Pictures are to be left out. Return exactly the lines below from the one with "Для боевой части" up to and including the one with "특대형 비자성 스테인리스".

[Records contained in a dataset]
=== Section Start ===

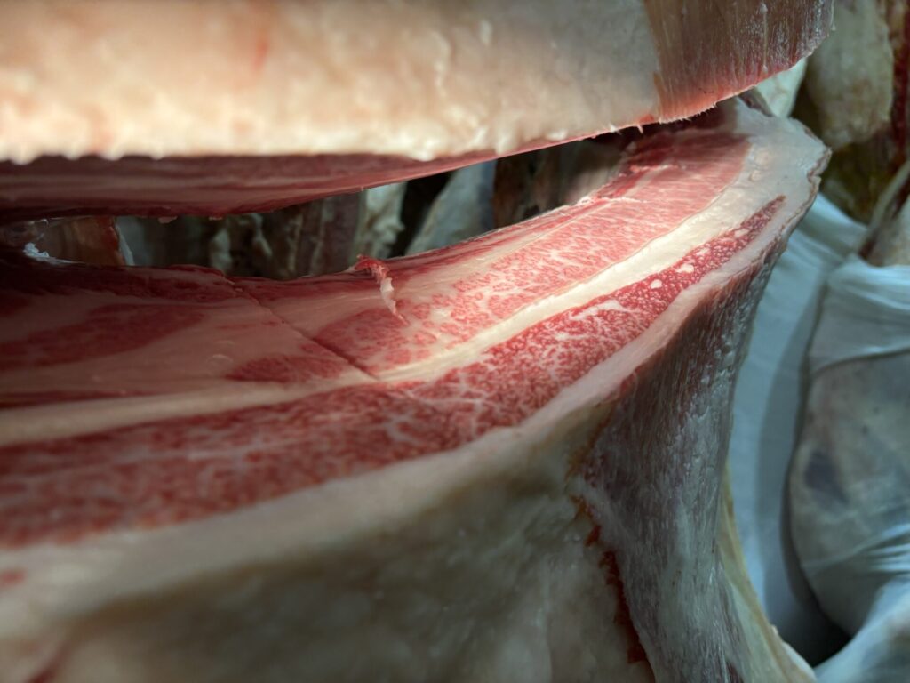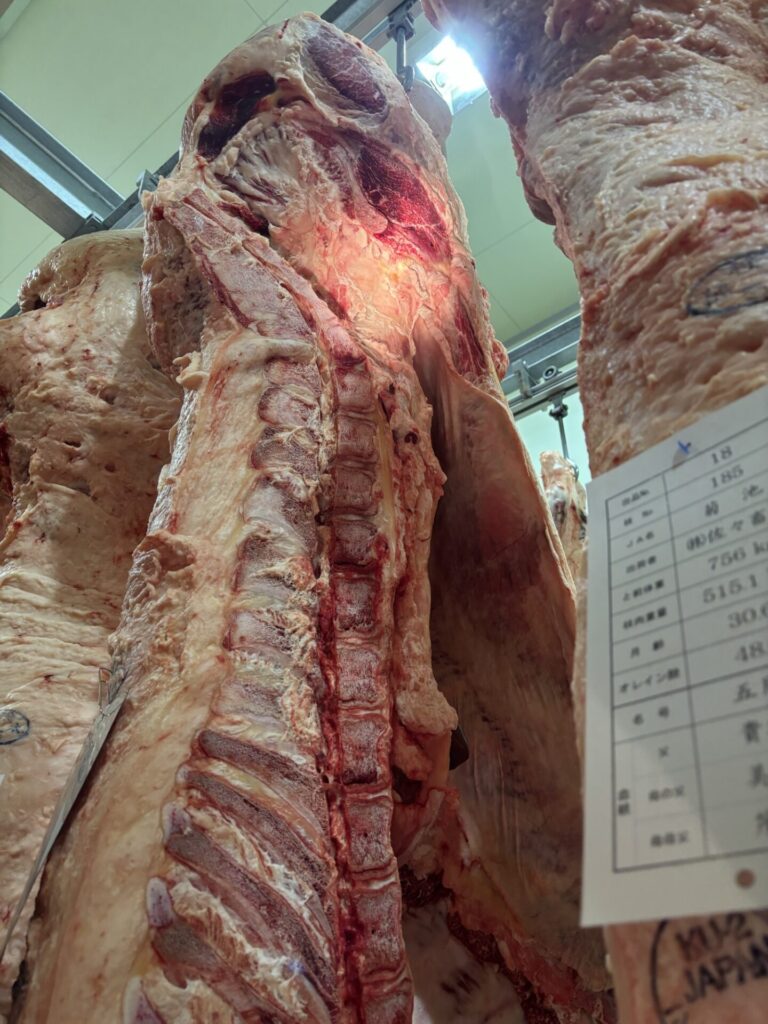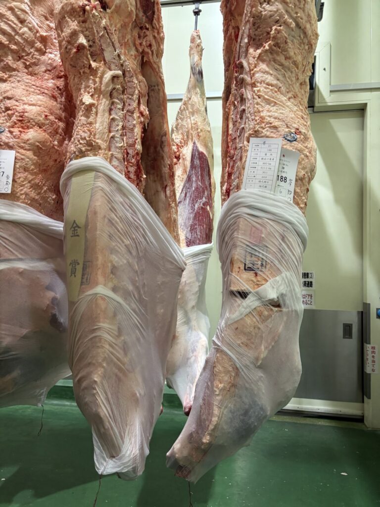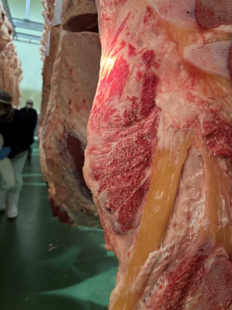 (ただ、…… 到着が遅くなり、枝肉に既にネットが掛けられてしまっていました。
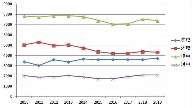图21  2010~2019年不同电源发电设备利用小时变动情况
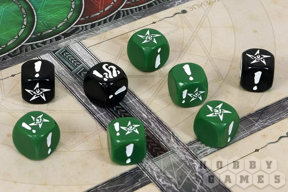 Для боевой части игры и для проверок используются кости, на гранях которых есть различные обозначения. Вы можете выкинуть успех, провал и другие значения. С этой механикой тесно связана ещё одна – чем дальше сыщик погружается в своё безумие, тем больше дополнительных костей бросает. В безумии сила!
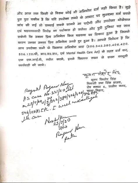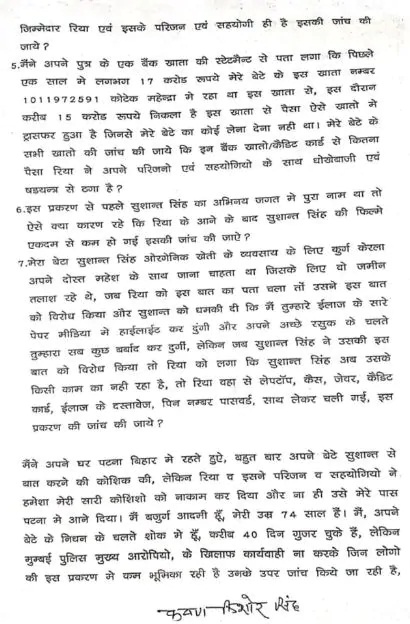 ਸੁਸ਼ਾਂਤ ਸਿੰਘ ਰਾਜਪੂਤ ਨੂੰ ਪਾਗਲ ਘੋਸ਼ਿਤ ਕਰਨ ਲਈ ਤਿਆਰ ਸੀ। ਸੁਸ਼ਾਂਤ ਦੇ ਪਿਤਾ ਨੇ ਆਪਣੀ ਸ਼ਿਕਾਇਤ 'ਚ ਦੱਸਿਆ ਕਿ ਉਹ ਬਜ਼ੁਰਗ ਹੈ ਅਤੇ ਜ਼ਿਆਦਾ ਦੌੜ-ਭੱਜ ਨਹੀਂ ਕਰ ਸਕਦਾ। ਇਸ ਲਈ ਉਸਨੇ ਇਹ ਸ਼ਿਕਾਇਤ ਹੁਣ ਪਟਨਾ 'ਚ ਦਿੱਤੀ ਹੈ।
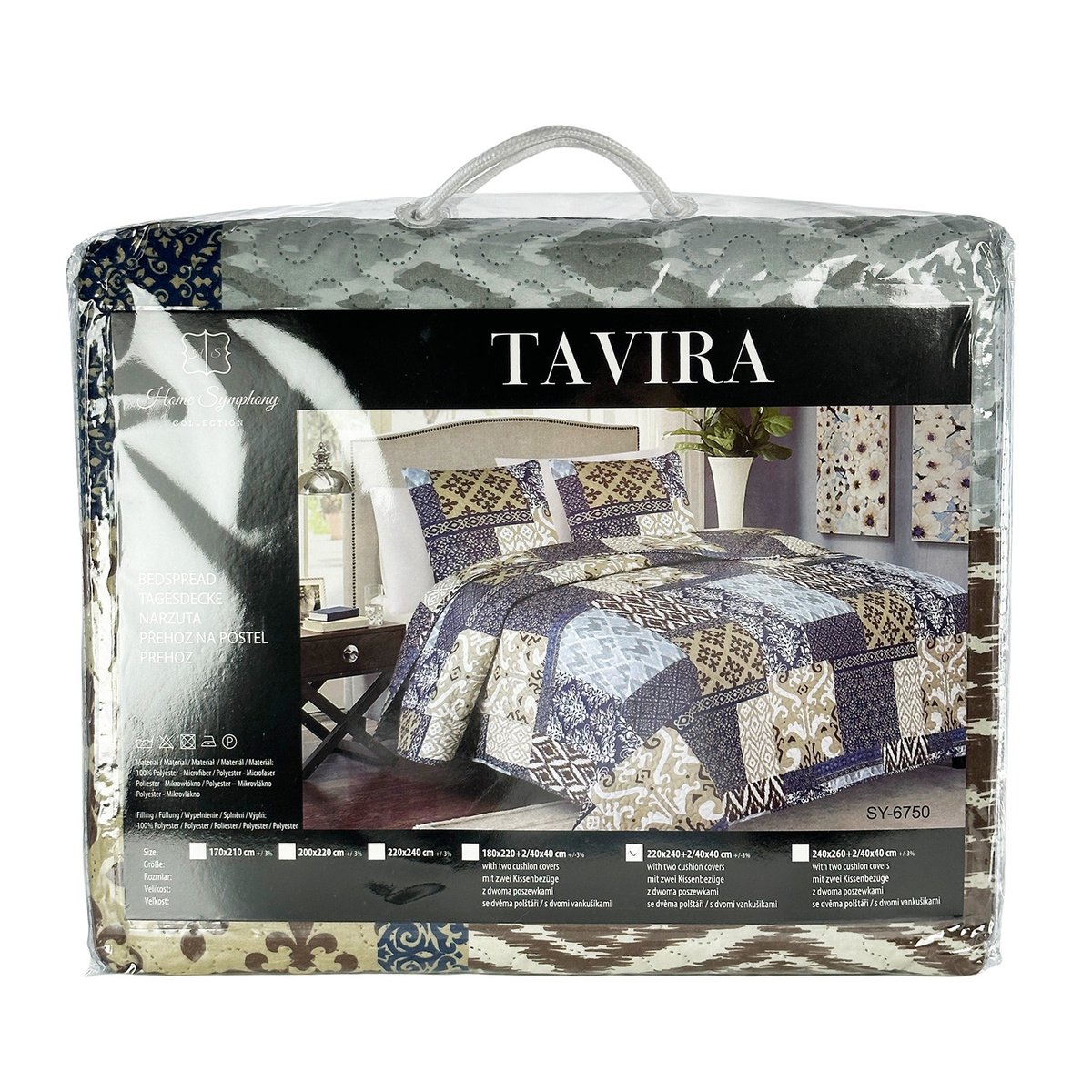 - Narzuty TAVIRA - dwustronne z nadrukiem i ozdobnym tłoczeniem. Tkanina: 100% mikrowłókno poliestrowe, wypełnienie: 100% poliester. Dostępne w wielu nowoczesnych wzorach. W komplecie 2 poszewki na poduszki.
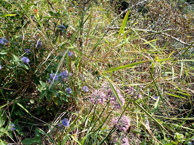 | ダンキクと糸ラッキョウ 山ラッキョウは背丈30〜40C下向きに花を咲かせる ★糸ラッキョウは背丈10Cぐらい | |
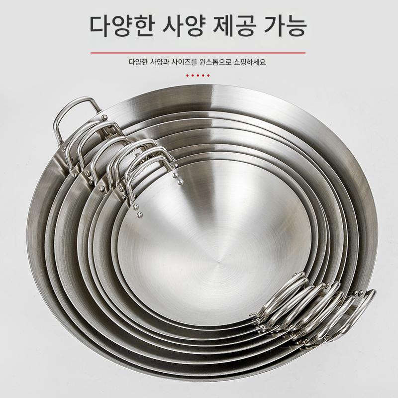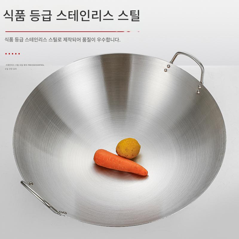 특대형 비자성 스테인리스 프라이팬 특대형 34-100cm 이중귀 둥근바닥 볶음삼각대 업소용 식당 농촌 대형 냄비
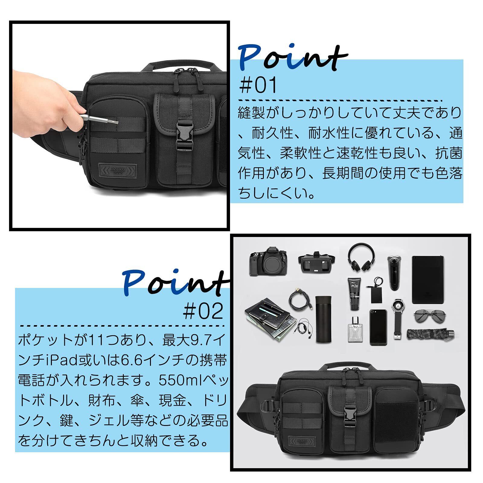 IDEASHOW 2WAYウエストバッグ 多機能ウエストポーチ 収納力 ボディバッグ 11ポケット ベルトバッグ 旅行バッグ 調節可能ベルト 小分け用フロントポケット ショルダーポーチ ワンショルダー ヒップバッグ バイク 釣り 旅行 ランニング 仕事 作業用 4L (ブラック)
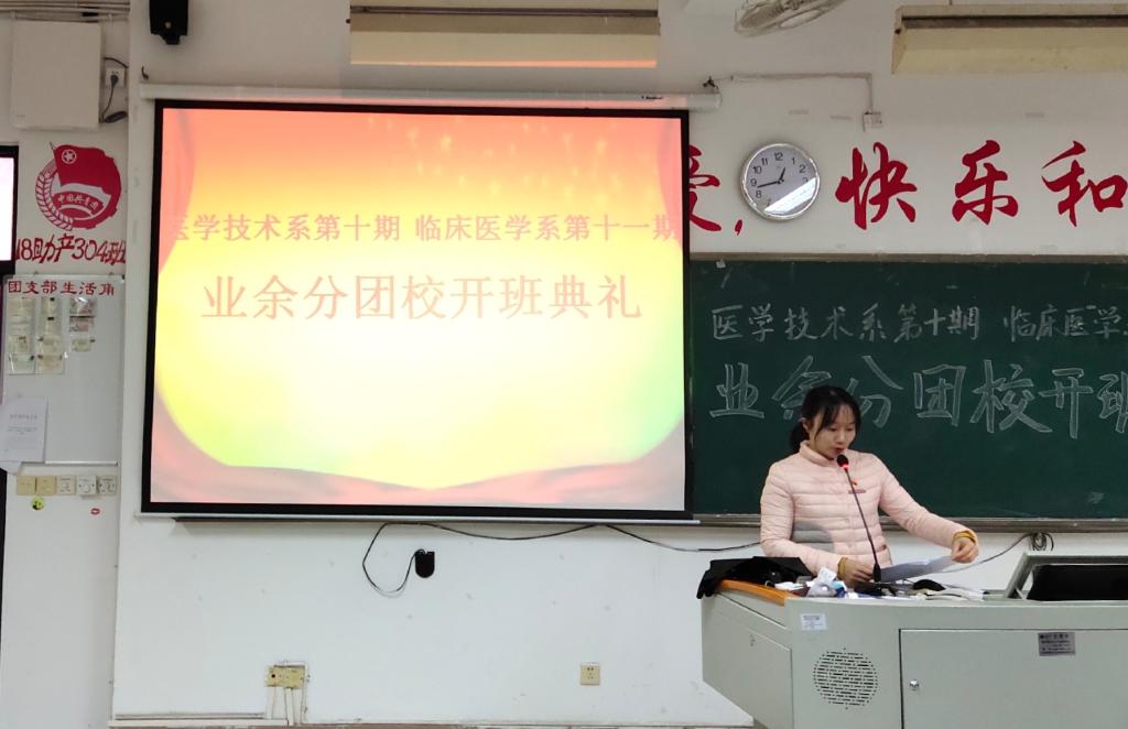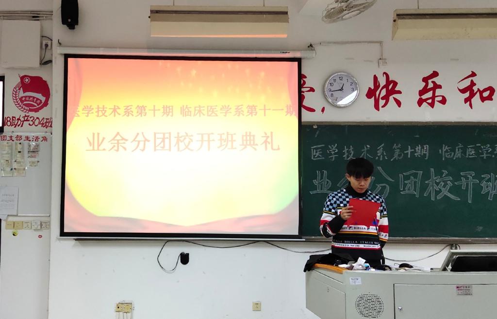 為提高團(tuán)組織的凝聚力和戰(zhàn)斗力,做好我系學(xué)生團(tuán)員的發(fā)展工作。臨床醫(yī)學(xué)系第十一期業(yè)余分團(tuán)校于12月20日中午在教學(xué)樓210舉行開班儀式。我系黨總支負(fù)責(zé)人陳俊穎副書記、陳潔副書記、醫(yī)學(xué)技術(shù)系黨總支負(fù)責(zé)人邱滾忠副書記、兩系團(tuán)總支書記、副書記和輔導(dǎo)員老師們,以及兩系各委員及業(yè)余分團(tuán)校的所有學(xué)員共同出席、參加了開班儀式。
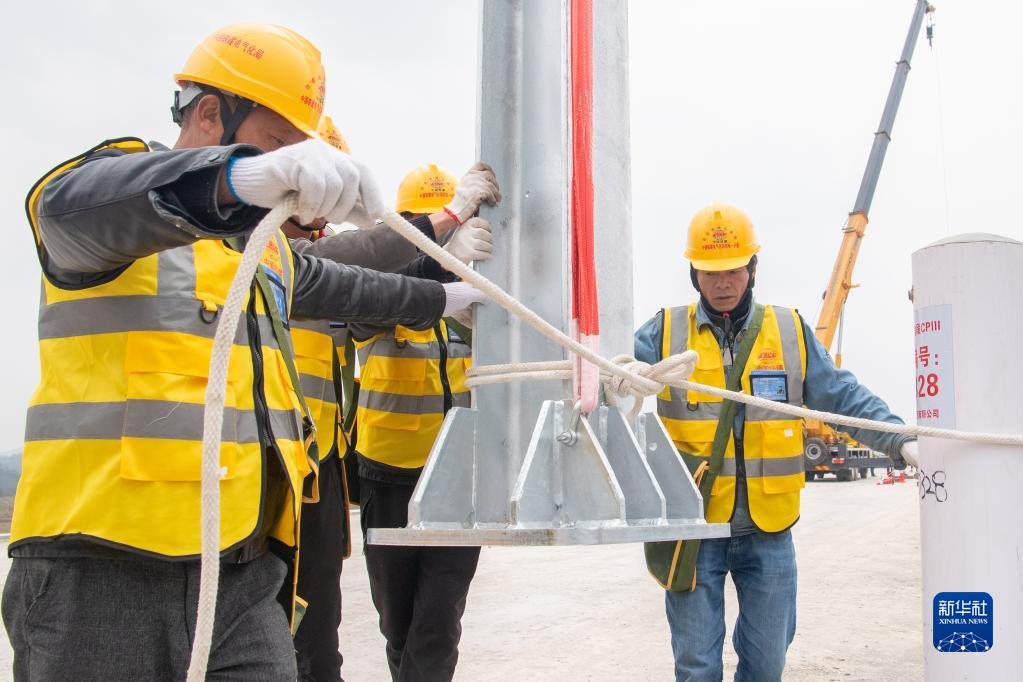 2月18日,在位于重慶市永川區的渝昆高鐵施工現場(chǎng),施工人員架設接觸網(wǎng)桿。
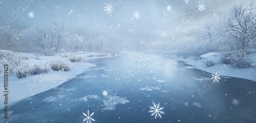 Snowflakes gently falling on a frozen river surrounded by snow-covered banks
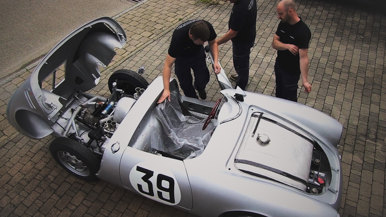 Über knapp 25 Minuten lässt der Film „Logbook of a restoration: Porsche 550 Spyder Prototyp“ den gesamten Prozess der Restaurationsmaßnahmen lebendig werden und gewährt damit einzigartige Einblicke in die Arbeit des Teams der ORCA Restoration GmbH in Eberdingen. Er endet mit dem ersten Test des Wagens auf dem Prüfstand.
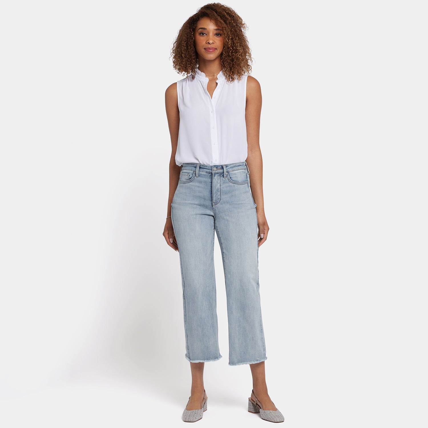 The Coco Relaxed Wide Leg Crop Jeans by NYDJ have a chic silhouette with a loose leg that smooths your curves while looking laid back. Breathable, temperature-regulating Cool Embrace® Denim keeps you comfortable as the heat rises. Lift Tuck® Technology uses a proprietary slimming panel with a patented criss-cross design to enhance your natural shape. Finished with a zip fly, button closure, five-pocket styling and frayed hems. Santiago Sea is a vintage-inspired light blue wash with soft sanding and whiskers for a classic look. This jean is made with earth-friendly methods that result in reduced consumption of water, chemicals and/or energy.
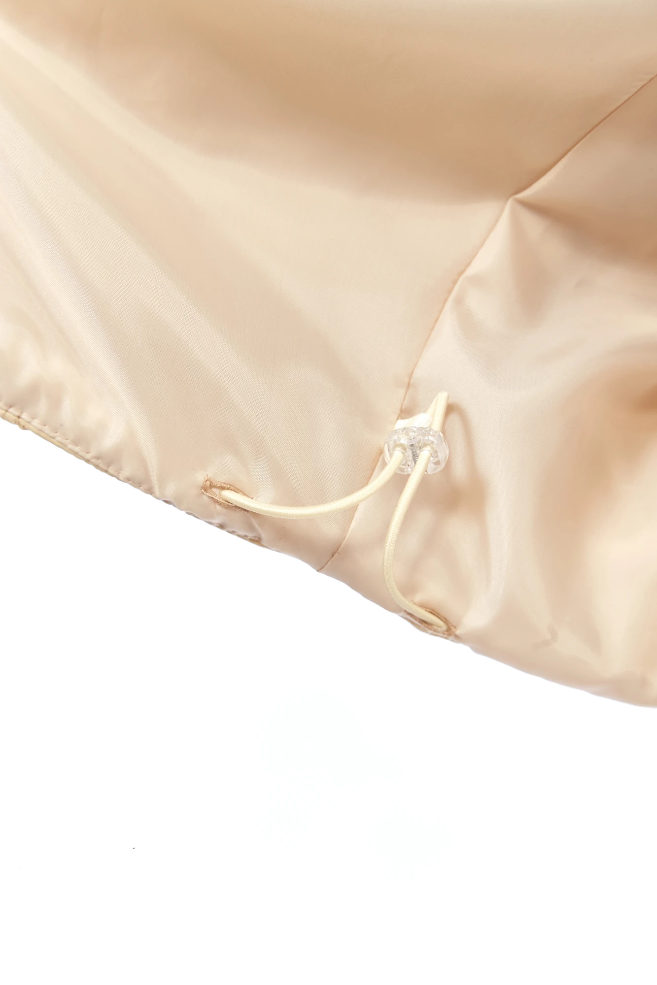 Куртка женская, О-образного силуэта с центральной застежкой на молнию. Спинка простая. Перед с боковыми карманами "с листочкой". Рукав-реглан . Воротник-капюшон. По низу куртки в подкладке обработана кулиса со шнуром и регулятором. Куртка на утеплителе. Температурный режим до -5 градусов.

=== Section End ===

## [RESULT FOR THIS TASK]
 Для боевой части игры и для проверок используются кости, на гранях которых есть различные обозначения. Вы можете выкинуть успех, провал и другие значения. С этой механикой тесно связана ещё одна – чем дальше сыщик погружается в своё безумие, тем больше дополнительных костей бросает. В безумии сила!
 ਸੁਸ਼ਾਂਤ ਸਿੰਘ ਰਾਜਪੂਤ ਨੂੰ ਪਾਗਲ ਘੋਸ਼ਿਤ ਕਰਨ ਲਈ ਤਿਆਰ ਸੀ। ਸੁਸ਼ਾਂਤ ਦੇ ਪਿਤਾ ਨੇ ਆਪਣੀ ਸ਼ਿਕਾਇਤ 'ਚ ਦੱਸਿਆ ਕਿ ਉਹ ਬਜ਼ੁਰਗ ਹੈ ਅਤੇ ਜ਼ਿਆਦਾ ਦੌੜ-ਭੱਜ ਨਹੀਂ ਕਰ ਸਕਦਾ। ਇਸ ਲਈ ਉਸਨੇ ਇਹ ਸ਼ਿਕਾਇਤ ਹੁਣ ਪਟਨਾ 'ਚ ਦਿੱਤੀ ਹੈ।
 - Narzuty TAVIRA - dwustronne z nadrukiem i ozdobnym tłoczeniem. Tkanina: 100% mikrowłókno poliestrowe, wypełnienie: 100% poliester. Dostępne w wielu nowoczesnych wzorach. W komplecie 2 poszewki na poduszki.
 | ダンキクと糸ラッキョウ 山ラッキョウは背丈30〜40C下向きに花を咲かせる ★糸ラッキョウは背丈10Cぐらい | |
 특대형 비자성 스테인리스 프라이팬 특대형 34-100cm 이중귀 둥근바닥 볶음삼각대 업소용 식당 농촌 대형 냄비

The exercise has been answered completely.